Conditions there were dire: the place was overcrowded and underfunded, housing an average of 940 men, women and children. Jimmie died within three months.

Anne was made of sterner stuff. She persuaded an inspector with Massachusetts Board of State Charities to sponsor her education at the Perkins School for the Blind, where she became one of the most promising students.

The summer after she graduated, the school’s director was contacted by a man from Alabama, Arthur Keller, who was looking for a teacher for his seven-year-old daughter, Helen. Sullivan arrived at their home in March 1887.

She must have been something of a 19th-century Super Nanny: young Helen was a wild child who terrorised the household with her tantrums. But Sullivan connected with the girl, who began to acquire signs at an astonishing rate and eventually learned to speak by touching Sullivan’s face to feel the vibrations from her nose, lips and larynx.

The young Helen Keller learned to speak by touching her teacher's face, to feel the vibrations from her nose, lips and larynx

The movie versions, naturally, focus on Keller from that point until the final reel. But if it hadn’t been for Sullivan’s efforts, who knows what would have happened to that bright but unmanageable child?

Full-on teaching

There’s a clip on YouTube in which the two of them demonstrate Sullivan’s method of teaching Keller to speak. Their good humour and affection for each other are clear, but it’s pretty full-on for Sullivan, whose face and throat are covered by Keller’s hand.
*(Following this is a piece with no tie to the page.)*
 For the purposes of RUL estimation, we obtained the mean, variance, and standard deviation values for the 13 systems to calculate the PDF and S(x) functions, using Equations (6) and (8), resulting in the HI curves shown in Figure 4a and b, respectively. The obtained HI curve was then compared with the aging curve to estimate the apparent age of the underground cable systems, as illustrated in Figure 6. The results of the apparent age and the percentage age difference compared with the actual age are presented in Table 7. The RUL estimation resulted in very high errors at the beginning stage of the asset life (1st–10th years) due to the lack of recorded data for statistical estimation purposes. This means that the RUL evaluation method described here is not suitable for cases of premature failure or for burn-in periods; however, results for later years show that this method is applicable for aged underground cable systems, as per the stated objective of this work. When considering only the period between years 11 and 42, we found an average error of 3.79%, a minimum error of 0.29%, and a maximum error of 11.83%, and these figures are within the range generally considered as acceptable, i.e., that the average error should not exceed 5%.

She must have spent countless hours in that position, for she worked with Keller for more than 50 years.

She also put her own life pretty much on hold. In 1905 she married John Albert Macy, a literary critic who had helped Keller with her books, but their marriage seems to have just faded away.

Despite repeated attempts to save her sight, some of which were partially or temporarily successful, Sullivan was visually impaired for most of her life and completely blind by 1935.

She died the next year, after a heart attack, with Keller holding her hand. Her ashes were interred at the National Cathedral in Washington, DC, making her the first woman to be recognised for her achievements in this way.

At her funeral Bishop James E Freeman said: “The touch of her hand did more than illuminate the pathway of a clouded mind. It literally emancipated a soul.”